Sadly, the directive arrived too late; the convoy was already in extremis. Courtney experienced difficulties, and Anderton took her in tow. The assistance proved futile, and Courtney sank at 7:30 p.m. By that time, James and Douglas were issuing plaintive calls for help. Hubbard received orders to stand by McNeal, already in tow of Hinton. Darkness settled around the little convoy as it battled the tempest. Douglas failed to weather the storm, sinking that day; while James, under tow of the newly arrived tug Penobscot (S.P. 982), made it through the night only to sink six miles offshore the next morning. Hubbard reached safety at 2:20 a.m. on the 28th, gaining the shelter afforded by the breakwater at Brest while a northwesterly gale whipped about snow and hail squalls.

Over the next five months, Hubbard remained inactive at Brest, her crew depleted by stateside transfers and demobilization, until she was decommissioned there on 18 October 1919. The fate of Courtney, Douglas, and James had prompted the Navy to decide against bringing the Menhaden Fishermen back to the United States and sold them abroad, largely to foreign purchasers.

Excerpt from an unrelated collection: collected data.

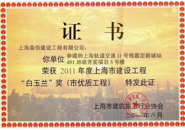 2012年8月嘉定新城401項(xiàng)目5#樓榮獲白玉蘭獎(jiǎng)
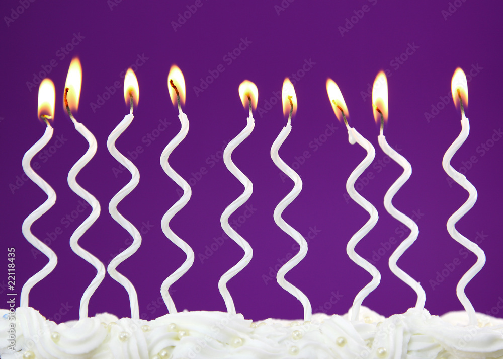 White birthday candles on lilac background
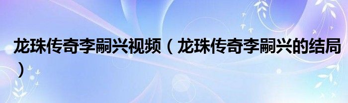 大家好,小生來為大家講解下。龍珠傳奇李嗣興視頻,龍珠傳奇李嗣興的結(jié)局很多人還不知道,現(xiàn)在讓我們一起來看看吧!
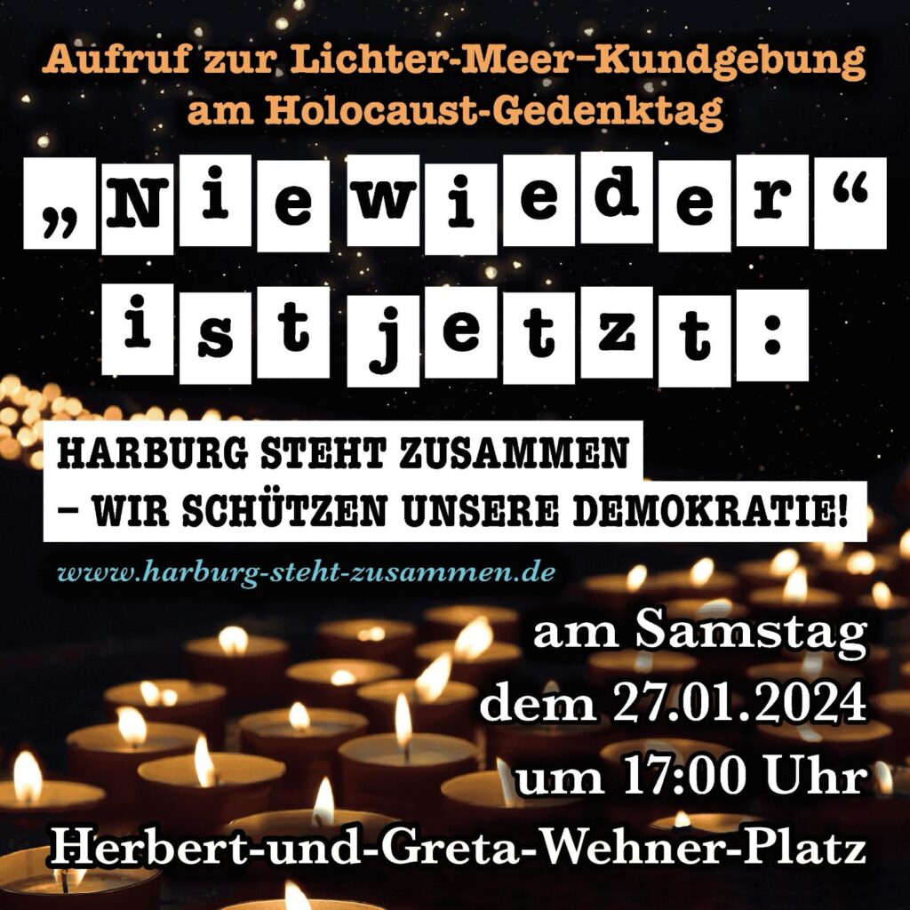 Die Gelegenheit gibt es zur Kundgebung ‚Nie wieder ist jetzt!‘ in Harburg am Samstag, den 27.1.2024 ab 17.00 Uhr auf dem Herbert-und-Greta-Wehner-Platz.

Hubbard, however, attracted the interest of her prewar owners, and she was sold to that firm on 25 October 1919. The sturdy Menhaden Fisherman thus returned to piscatory pursuits, resuming her original name, B. H. B. Hubbard, Jr. She operated first for the Taft Fishing Company and then for Menhaden Products, Inc. Ultimately, she was abandoned due to “age and deterioration,” in 1961.